Your instructions - Every entry should come back exactly as written, minus the pictures.

● ● ●

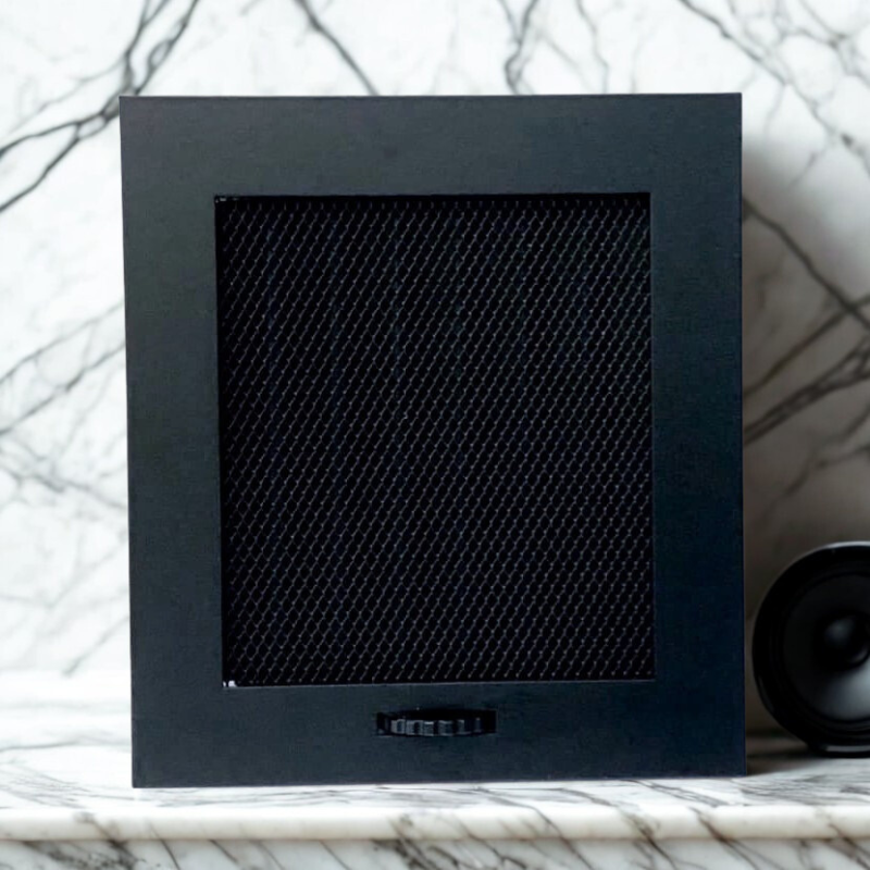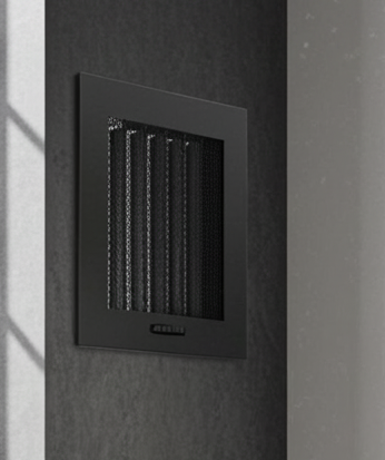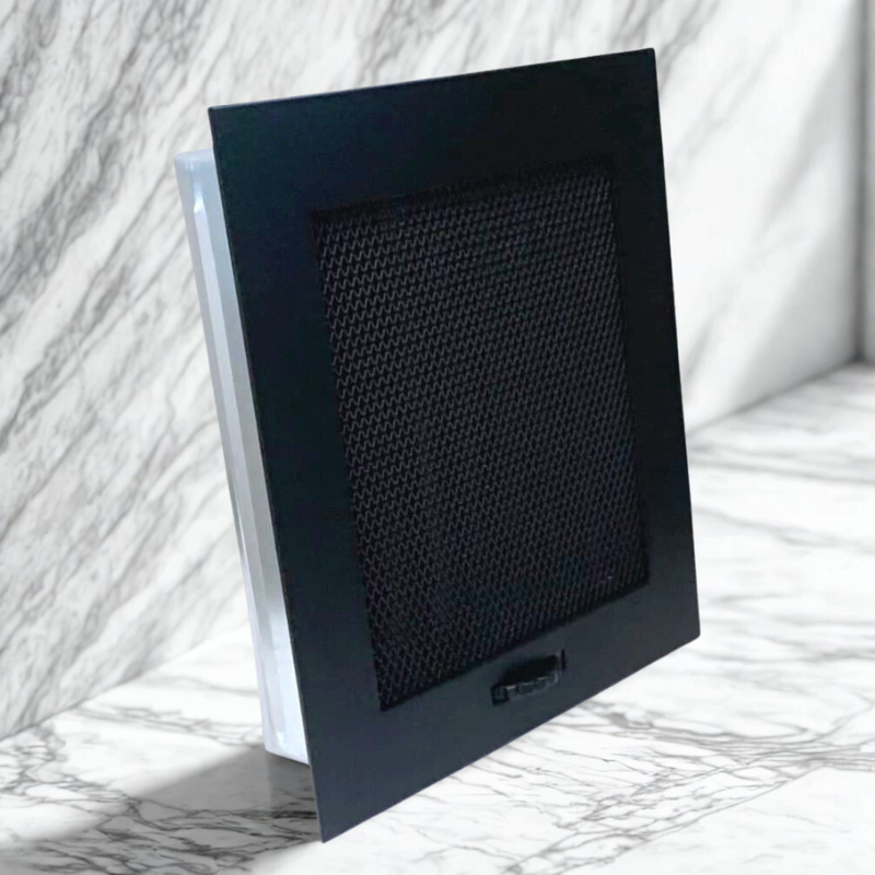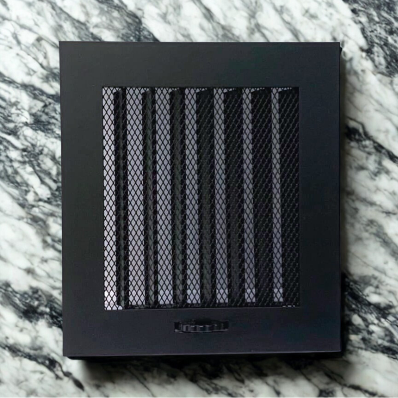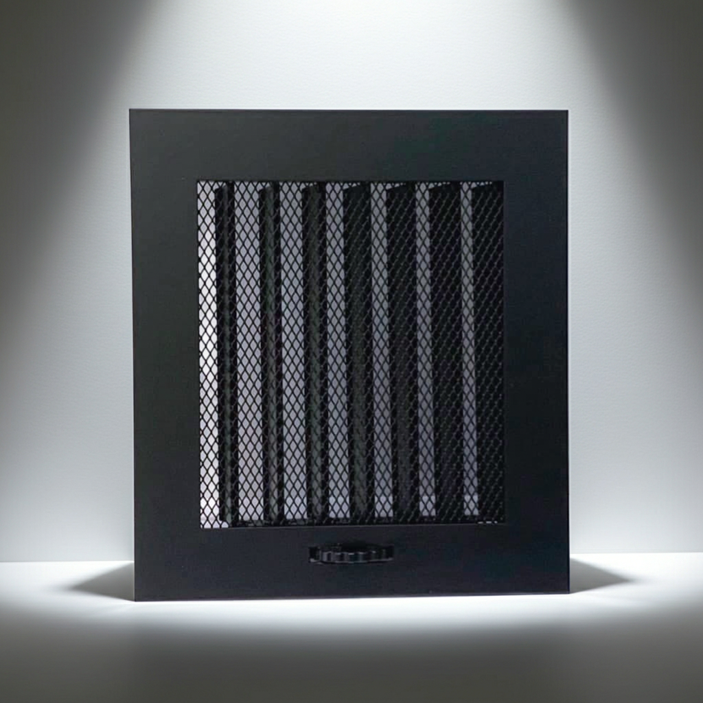 Czarna kratka kominkowa lub wentylacyjna z żaluzją. Metalowa. Wykończenie matowe.
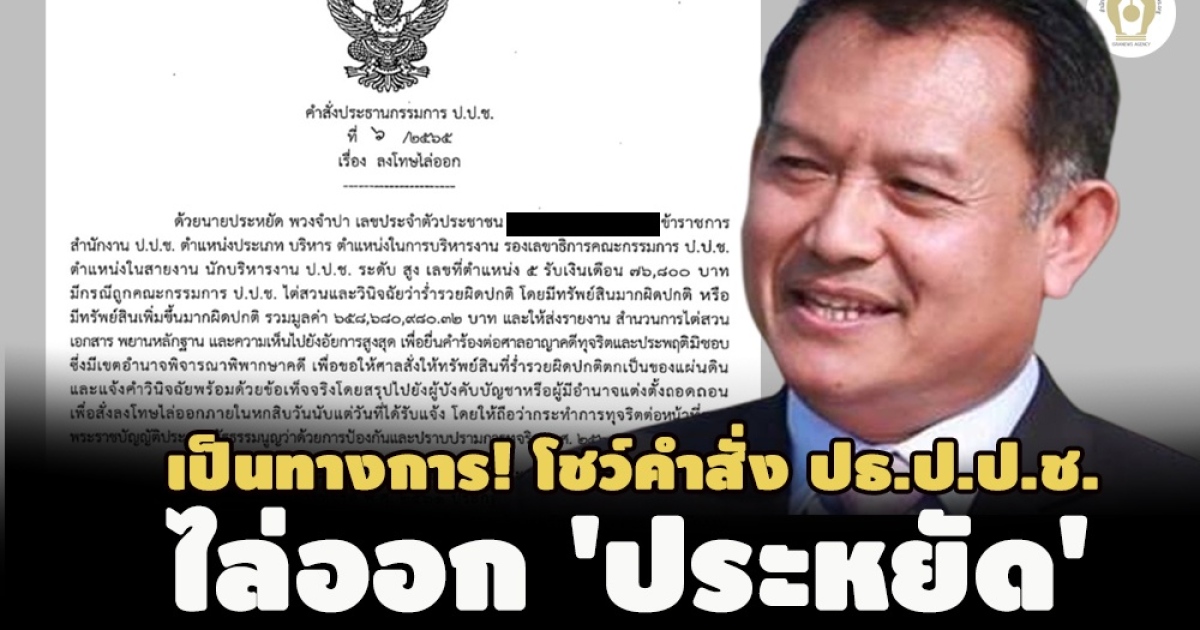 โชว์คำสั่ง พล.ต.อ.วัชรพล ประสารราชกิจ ปธ.ป.ป.ช. ลงนามไล่ออกจากราชการ 'ประหยัด พวงจำปา' รองเลขาธิการฯ หลังถูกชี้มูลความผิดคดีร่ำรวยผิดปกติ 658 ล้าน เปิดโอกาสยื่นคำฟ้องศาลปค.โต้แย้งได้ภายใน 90 วัน - อัตราเงินเดือนสุดท้าย 76,800 บาท
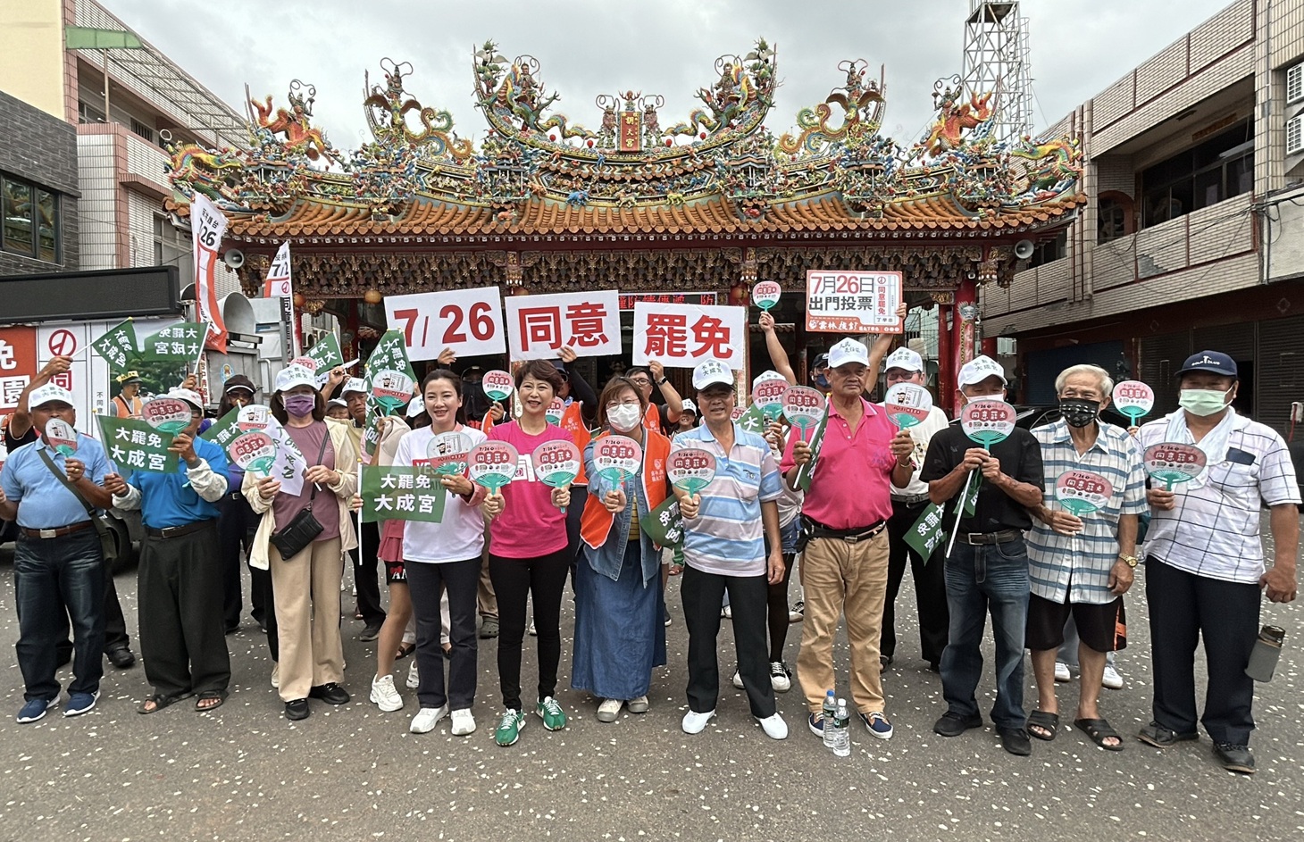 立法委員陳亭妃今親赴雲林口湖鄉,與罷免團隊合體展開車隊掃街行動。
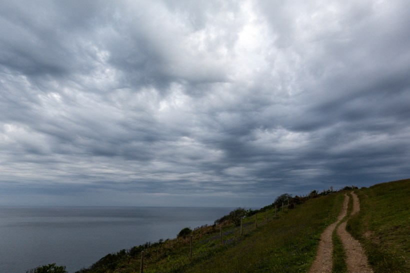 We’d been eyeing up a spot not a huge distance from where we’d accidentally fallen into a boozer so we headed for that. There’s a trigpoint there and from the photos on the trigpointing website there was also a shit tonne of flat ground. We beelined as fast as our little legs would allow us, the sky disappearing under these insane wavey clouds that looked like they could produce either rain or an alien invasion at any given point. At this stage I wasn’t sure what I’d prefer. We could see rain pissing down over the Channel so yeah, wouldn’t have to fend off extra terrestrials with a spork just yet.
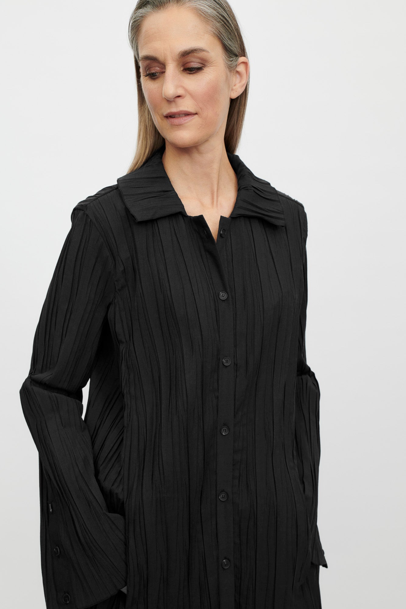 • Long blouse made of pleated wool material
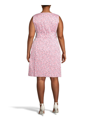 Vestido feminino Anne Klein com zíper e amarração floral, sem mangas, gola canoa, acima do joelho, ajuste flare, rosa, tamanho 18W
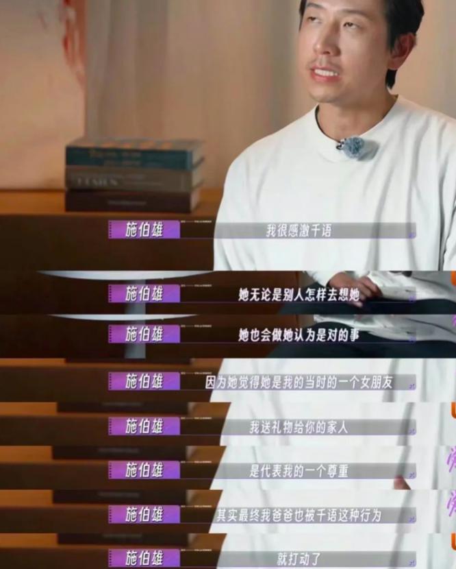 施伯雄说后来吴千语通过给施家人买礼物,以及让施家人看到施伯雄跟她在一起后性格上的改变,而慢慢打动了施家人。

● ● ●

Result of the task -
 Czarna kratka kominkowa lub wentylacyjna z żaluzją. Metalowa. Wykończenie matowe.
 โชว์คำสั่ง พล.ต.อ.วัชรพล ประสารราชกิจ ปธ.ป.ป.ช. ลงนามไล่ออกจากราชการ 'ประหยัด พวงจำปา' รองเลขาธิการฯ หลังถูกชี้มูลความผิดคดีร่ำรวยผิดปกติ 658 ล้าน เปิดโอกาสยื่นคำฟ้องศาลปค.โต้แย้งได้ภายใน 90 วัน - อัตราเงินเดือนสุดท้าย 76,800 บาท
 立法委員陳亭妃今親赴雲林口湖鄉,與罷免團隊合體展開車隊掃街行動。
 We’d been eyeing up a spot not a huge distance from where we’d accidentally fallen into a boozer so we headed for that. There’s a trigpoint there and from the photos on the trigpointing website there was also a shit tonne of flat ground. We beelined as fast as our little legs would allow us, the sky disappearing under these insane wavey clouds that looked like they could produce either rain or an alien invasion at any given point. At this stage I wasn’t sure what I’d prefer. We could see rain pissing down over the Channel so yeah, wouldn’t have to fend off extra terrestrials with a spork just yet.
 • Long blouse made of pleated wool material
 Vestido feminino Anne Klein com zíper e amarração floral, sem mangas, gola canoa, acima do joelho, ajuste flare, rosa, tamanho 18W
 施伯雄说后来吴千语通过给施家人买礼物,以及让施家人看到施伯雄跟她在一起后性格上的改变,而慢慢打动了施家人。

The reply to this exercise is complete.